● **THE PROBLEM**
Begin at the line containing "Les ateliers proposent" in the records below, end at the line containing "for the truth.", and retype each line in that span exactly. No other line and no image should appear.

● **EXTRACTED RECORDS**
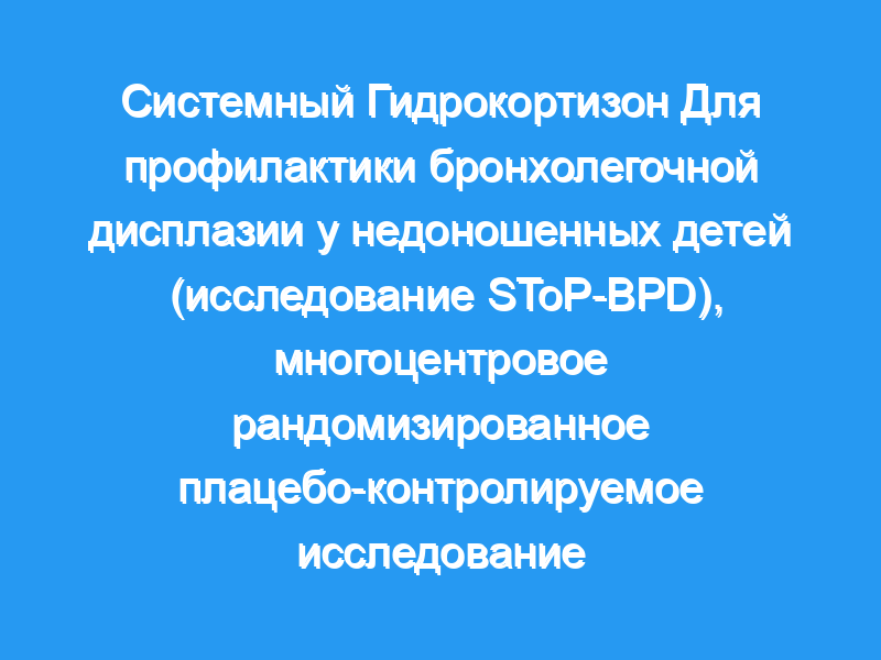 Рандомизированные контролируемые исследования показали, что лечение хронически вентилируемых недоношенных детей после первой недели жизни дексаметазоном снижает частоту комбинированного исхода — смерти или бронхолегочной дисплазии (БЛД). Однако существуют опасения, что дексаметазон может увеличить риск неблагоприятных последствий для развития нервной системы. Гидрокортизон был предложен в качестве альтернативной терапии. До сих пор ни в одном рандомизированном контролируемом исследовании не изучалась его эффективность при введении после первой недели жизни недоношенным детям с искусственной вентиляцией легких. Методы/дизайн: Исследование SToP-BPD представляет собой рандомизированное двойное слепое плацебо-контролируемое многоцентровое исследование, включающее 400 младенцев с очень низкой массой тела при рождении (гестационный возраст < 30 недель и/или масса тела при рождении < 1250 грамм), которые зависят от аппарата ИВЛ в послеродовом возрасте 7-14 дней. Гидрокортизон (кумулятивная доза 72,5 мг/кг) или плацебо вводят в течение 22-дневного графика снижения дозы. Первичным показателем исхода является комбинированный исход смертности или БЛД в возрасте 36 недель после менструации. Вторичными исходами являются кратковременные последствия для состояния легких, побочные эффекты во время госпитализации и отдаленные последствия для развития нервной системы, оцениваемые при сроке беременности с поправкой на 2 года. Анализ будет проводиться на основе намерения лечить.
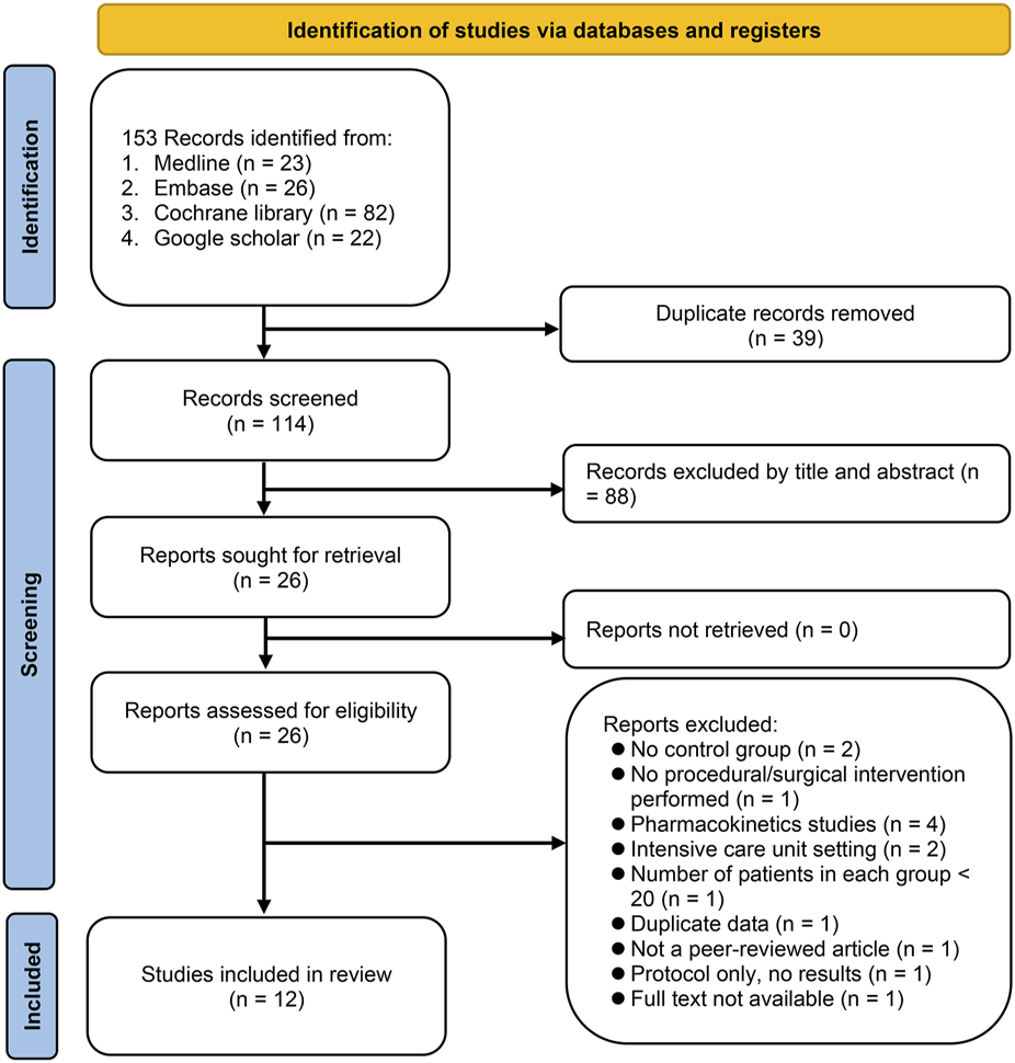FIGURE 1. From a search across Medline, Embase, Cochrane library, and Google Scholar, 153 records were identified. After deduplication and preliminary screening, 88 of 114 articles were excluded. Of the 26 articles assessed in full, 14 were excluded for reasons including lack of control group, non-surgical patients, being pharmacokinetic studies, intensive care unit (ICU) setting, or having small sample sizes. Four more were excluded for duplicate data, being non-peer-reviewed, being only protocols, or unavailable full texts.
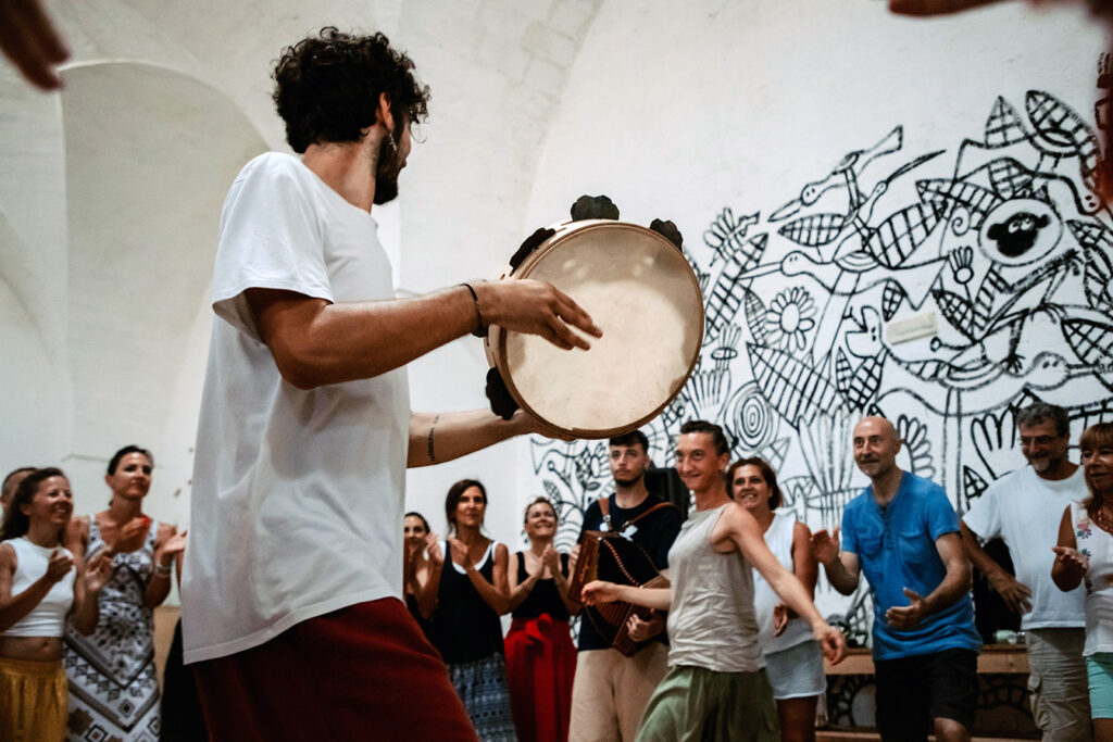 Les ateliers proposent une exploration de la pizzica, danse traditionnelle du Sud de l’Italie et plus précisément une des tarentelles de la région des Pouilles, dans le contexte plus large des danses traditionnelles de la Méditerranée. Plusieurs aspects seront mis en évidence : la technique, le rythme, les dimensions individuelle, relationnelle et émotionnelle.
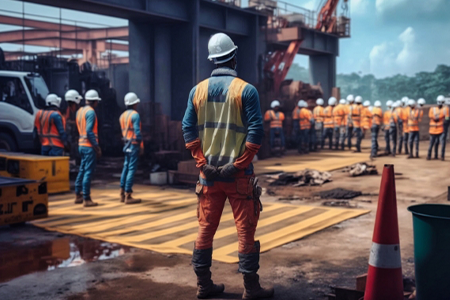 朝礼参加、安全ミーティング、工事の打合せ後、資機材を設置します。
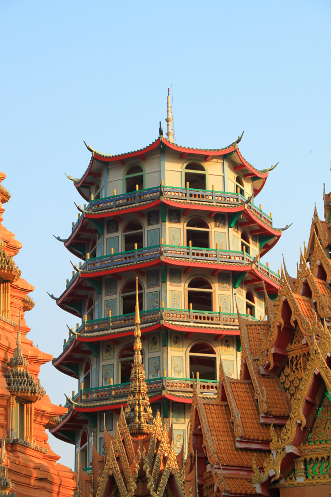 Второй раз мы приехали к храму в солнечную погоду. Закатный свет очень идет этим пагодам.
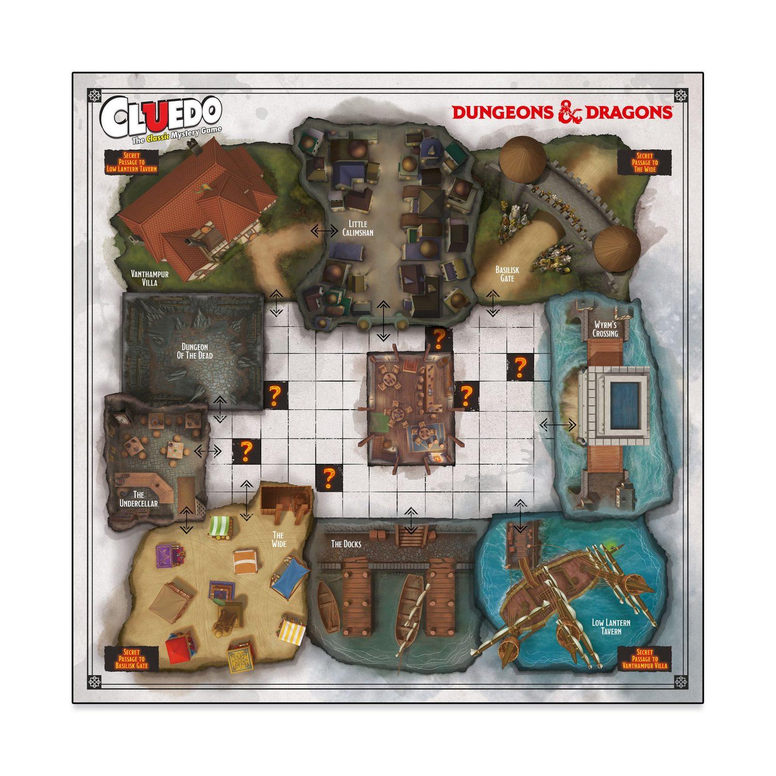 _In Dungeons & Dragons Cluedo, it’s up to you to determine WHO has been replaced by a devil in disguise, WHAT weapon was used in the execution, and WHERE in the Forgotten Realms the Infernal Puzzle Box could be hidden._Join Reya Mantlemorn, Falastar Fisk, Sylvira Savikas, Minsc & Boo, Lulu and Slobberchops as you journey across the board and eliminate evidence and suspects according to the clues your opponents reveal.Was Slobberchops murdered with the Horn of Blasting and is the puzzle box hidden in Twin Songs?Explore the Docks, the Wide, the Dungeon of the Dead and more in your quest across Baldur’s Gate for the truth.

* * *

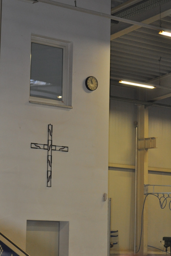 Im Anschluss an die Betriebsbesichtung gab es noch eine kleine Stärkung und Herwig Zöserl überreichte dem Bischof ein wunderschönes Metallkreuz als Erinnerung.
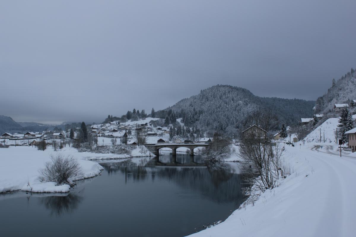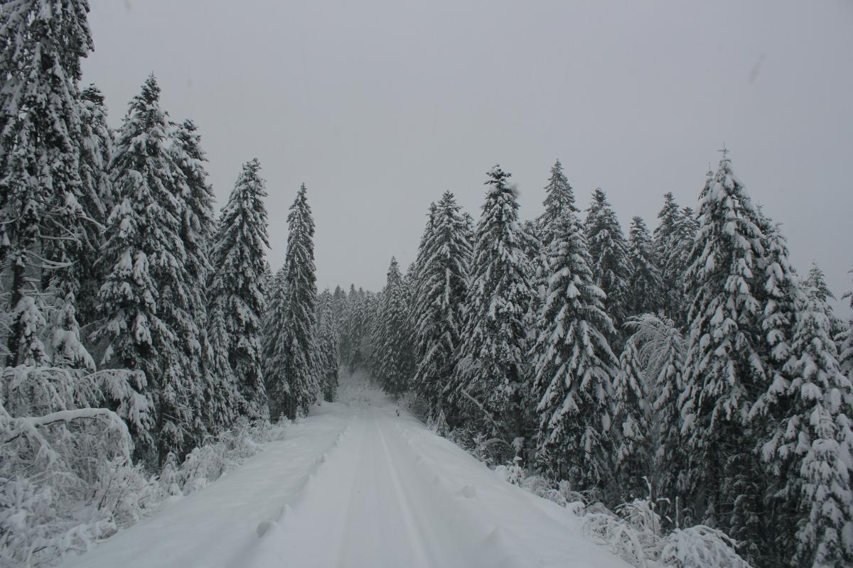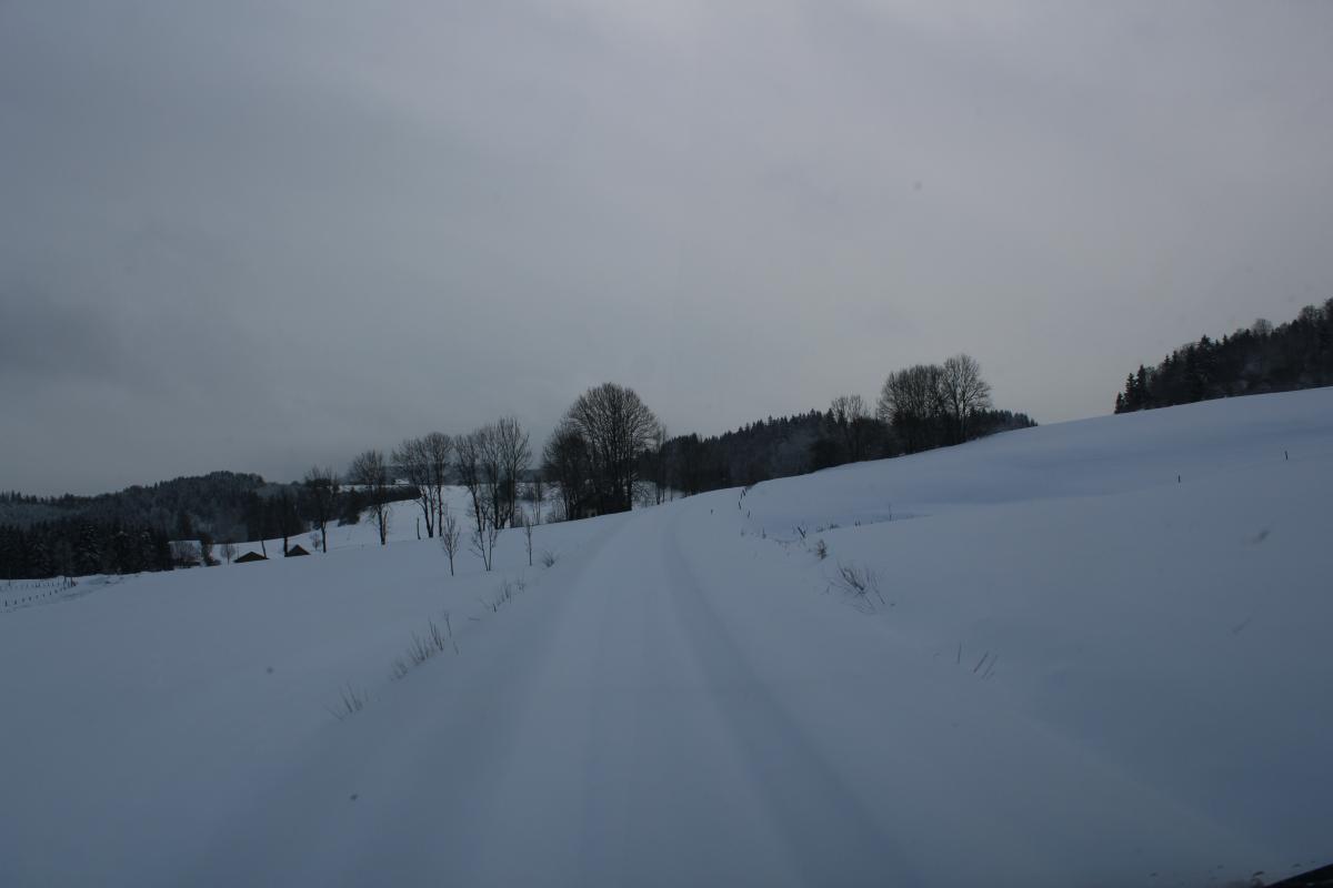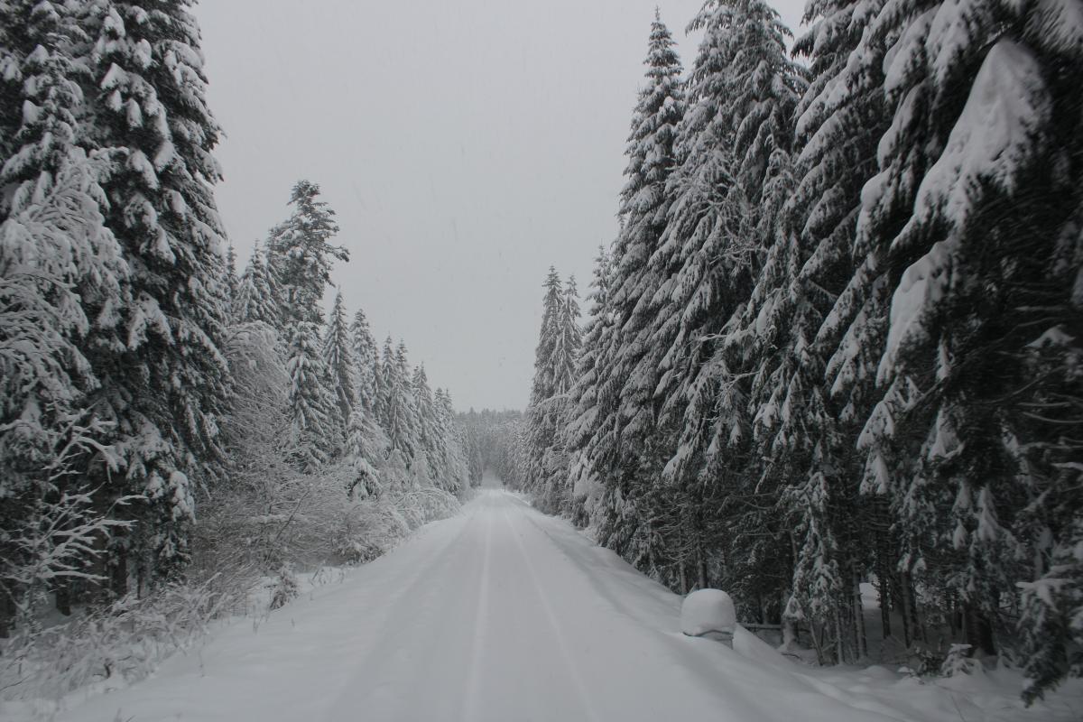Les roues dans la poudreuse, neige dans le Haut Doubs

...

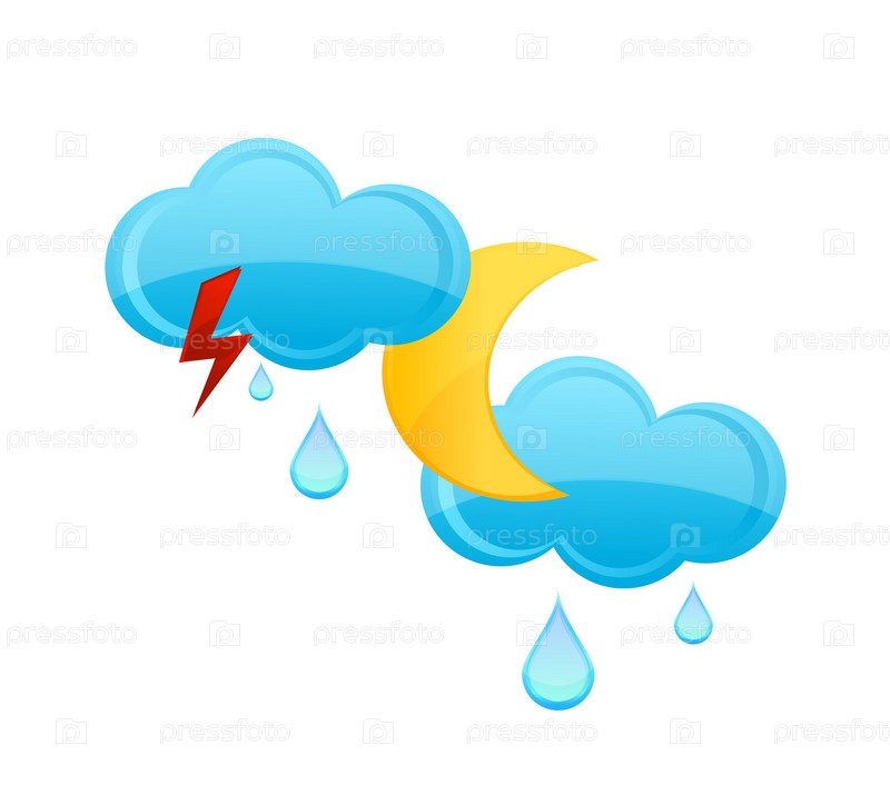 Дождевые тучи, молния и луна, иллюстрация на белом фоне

● **ANSWER FOR THE TASK**
 Les ateliers proposent une exploration de la pizzica, danse traditionnelle du Sud de l’Italie et plus précisément une des tarentelles de la région des Pouilles, dans le contexte plus large des danses traditionnelles de la Méditerranée. Plusieurs aspects seront mis en évidence : la technique, le rythme, les dimensions individuelle, relationnelle et émotionnelle.
 朝礼参加、安全ミーティング、工事の打合せ後、資機材を設置します。
 Второй раз мы приехали к храму в солнечную погоду. Закатный свет очень идет этим пагодам.
 _In Dungeons & Dragons Cluedo, it’s up to you to determine WHO has been replaced by a devil in disguise, WHAT weapon was used in the execution, and WHERE in the Forgotten Realms the Infernal Puzzle Box could be hidden._Join Reya Mantlemorn, Falastar Fisk, Sylvira Savikas, Minsc & Boo, Lulu and Slobberchops as you journey across the board and eliminate evidence and suspects according to the clues your opponents reveal.Was Slobberchops murdered with the Horn of Blasting and is the puzzle box hidden in Twin Songs?Explore the Docks, the Wide, the Dungeon of the Dead and more in your quest across Baldur’s Gate for the truth.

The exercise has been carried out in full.